Portada » « Celui qui a fait ça va aux urgences pour travailler »

« Celui qui a fait ça va aux urgences pour travailler »

by Javier Tejera

(Adnkronos) – « Celui qui a fait ce projet de loi budgétaire, je voudrais l’envoyer aux urgences pendant une semaine ». C’est la provocation du microbiologiste et sénateur Pd Andrea Crisanti, qui commente le volet sanitaire de la manœuvre d’Adnkronos Salute et explique pourquoi il considère que les ressources que la disposition consacre au secteur sont insuffisantes. « Sommes-nous conscients que les urgences sont désormais gérées de manière coopérative à des coûts insensés et que les médecins et infirmières qui travaillent dans ces services se voient refuser des indemnités appropriées ? », s’interroge le scientifique, soulignant que ce poste ne sera renforcé qu’en 2024 « Comment pouvez-vous imaginer qu’un jeune médecin veuille se spécialiser en médecine d’urgence dans ces locaux ? », poursuit-il.

Et effectivement, souligne-t-il, « il faut laisser des places à cette spécialité ». Dans une telle situation, conclut Crisanti, « il n’est pas possible d’attirer des jeunes talentueux vers la médecine d’urgence, et Dieu seul sait à quel point le besoin est grand. » Parce qu’en médecine d’urgence en particulier, les décisions de vie ou de mort sont souvent prises pour choisir le juste un traitement d’une personne ».

Pour le microbiologiste, les remèdes prévus dans le chapitre santé de la manœuvre ne sont qu’« un palliatif ». L’augmentation de 2 milliards d’euros du Fonds national de santé « ne suffit pas » et les ressources dont dispose le secteur « ne peuvent suffire » pour résoudre ce que le scientifique italien appelle « les trois vraies urgences » de la santé italienne.

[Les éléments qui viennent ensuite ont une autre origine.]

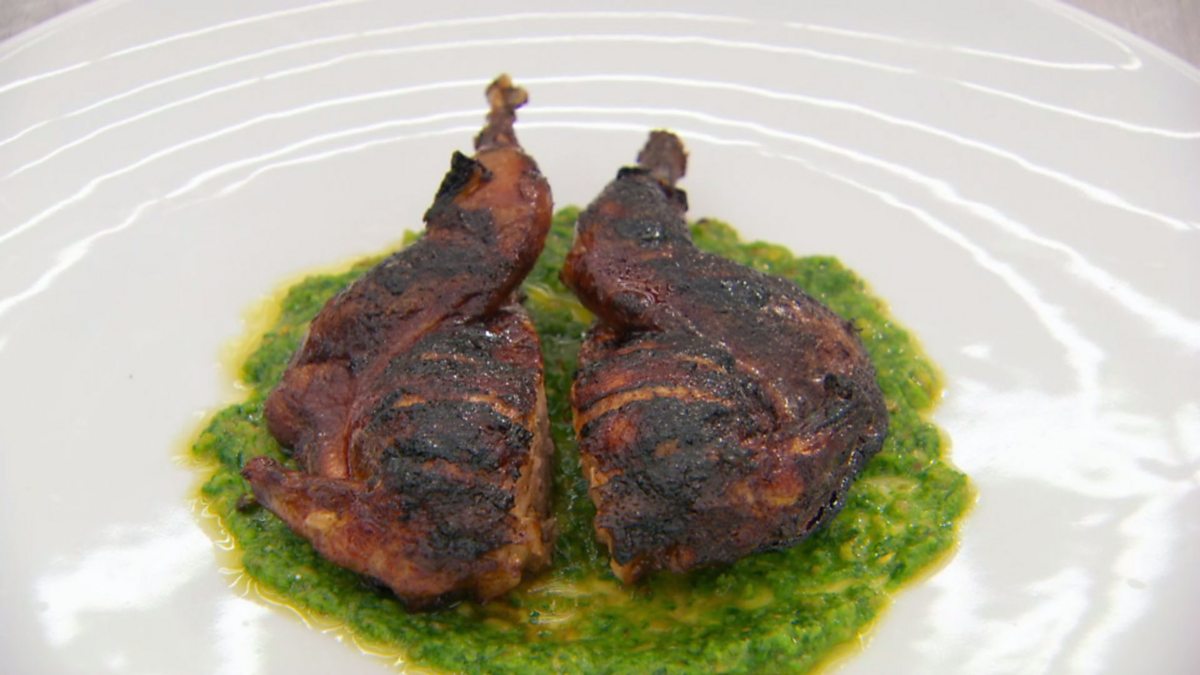 This test has been designed by Monica, who demonstrates how she would spatchcock a quail and make a rocket pesto from a table of ingredients in 15 minutes.

C’est un choix « pour les amateurs à risque ».

La santé « voyage avec 10 milliards de sous-financements accumulés depuis 2008 – rappelle Adnkronos Salute – les 2 milliards dont nous parlons vont à peine couvrir le coût des factures » alourdies par une énergie chère. « Les soins de santé ont trois urgences, les listes d’attente, l’encombrement des salles d’urgence et le fonctionnement de la médecine de base, et ce sont trois choses interconnectées qui, si elles ne sont pas toutes traitées ensemble, ont un impact dramatique sur la santé des gens », prévient Crisanti.

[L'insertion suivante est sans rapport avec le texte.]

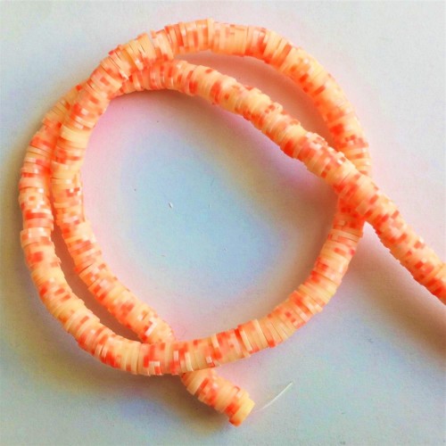 Perles heishi en pâte polymère 6 mm (environ 385 perles) couleur orange saumon
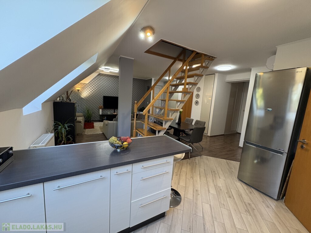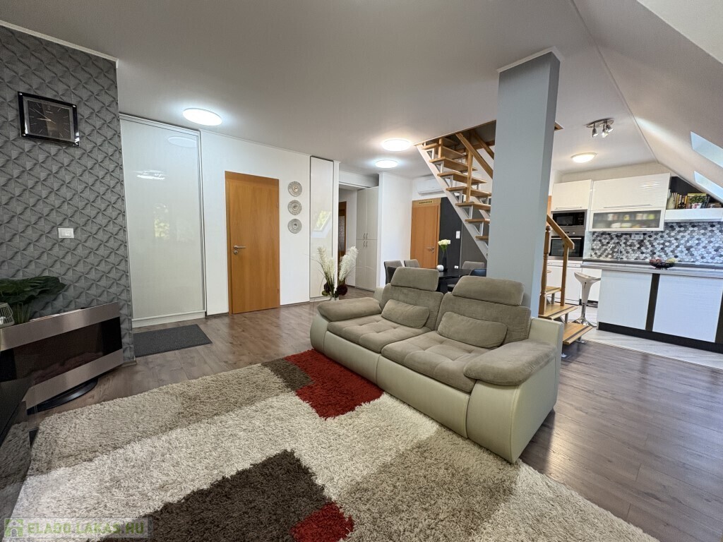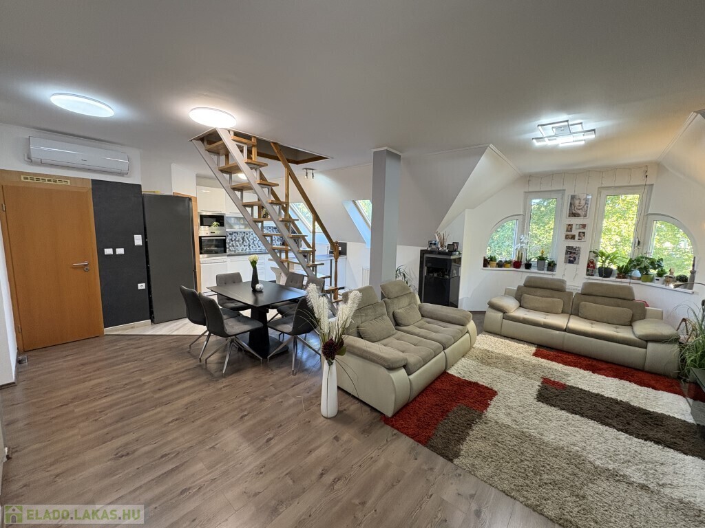 Kaposváron a belvárosban, a Fő utcában - közvetlenül a kórház közelében - található 1999-ben épült, kifejezetten rendezett társasház 3. emeletén lévő 121 m2-es, ideális elosztású, nagyon jó állapotú két szintes lakás eladó. A lakás alsó szintjén előszoba-nappali-étkező-konyha, kamra, 2 szoba - közös erkéllyel, fürdőszoba, wc-kézmosó helyiségek találhatóak. A felső szinten előszoba-közlekedő, 2 szoba, fürdőszoba, wc kerültek kialakításra. A lakás rezsi költsége nagyon kedvező, a fűtést és a melegvízet új Immergas kombi gázkazán szolgáltatja, a nappaliban és a tetőtéri 2 szobában 1-1 új Gree légkondícionálót szereltetett fel a tulajdonos. A társasháznak nagyon szép, rendezett udvara van, ahová 1 személyautóval ingyenesen tud parkolni a lakás tulajdonosa.

« Si vous n’investissez pas dans la technologie et les ressources humaines, vous ne résoudrez pas le problème des listes d’attente – poursuit le microbiologiste – si vous ne changez pas l’approche et la coordination des médecins généralistes, si vous ne créez pas cette communauté et il n’y a pas de filtre aux urgences, nous ne donnons pas à nos patients la bonne aide. Le fait que 70% des accès aux urgences soient des codes blancs et verts témoigne de l’échec global des soins de santé territoriaux car là non, ces cas doivent aller aux urgences. Et le fait qu’ils y arrivent témoigne du désespoir des gens », prévient Crisanti. « L’allocation prévue par la manœuvre ne fait rien pour ces trois urgences ».

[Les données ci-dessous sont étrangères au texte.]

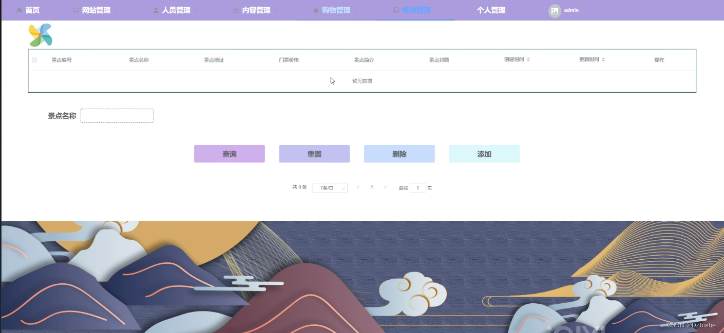 景点信息管理,在景点信息管理页面可以查看景点编号、门票价格、景点名称、景点简介、景点地址、景点封面等信息,并可根据需要进行修改或删除操作,如图5- 12所示。
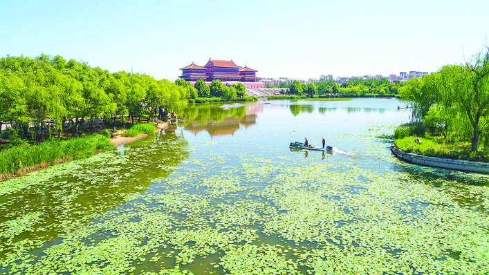 ▲6月4日,志愿者在河北省唐山市丰润区曹雪芹公园打捞水面漂浮物(无人机照片)。 新华社发(朱大勇 摄)
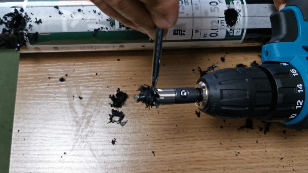 ビニールがホールソーに詰まってしまうのでそれを毎回取り除くのが大変ですね^^

Et puis, ajoute-t-il, élargissant la vision de la mesure dans son ensemble : « Il n’y a jamais eu de manœuvre économique qui enlève aux pauvres et donne aux riches un changement drastique pour qu’ils retrouvent espoir et opportunités de rédemption, vous voyez que  » Le vrai visage de ce gouvernement. C’est la même chose qui se passe en Angleterre : les groupes les plus faibles qui ont voté pour eux sont punis, trahis, comme je l’avais prédit ».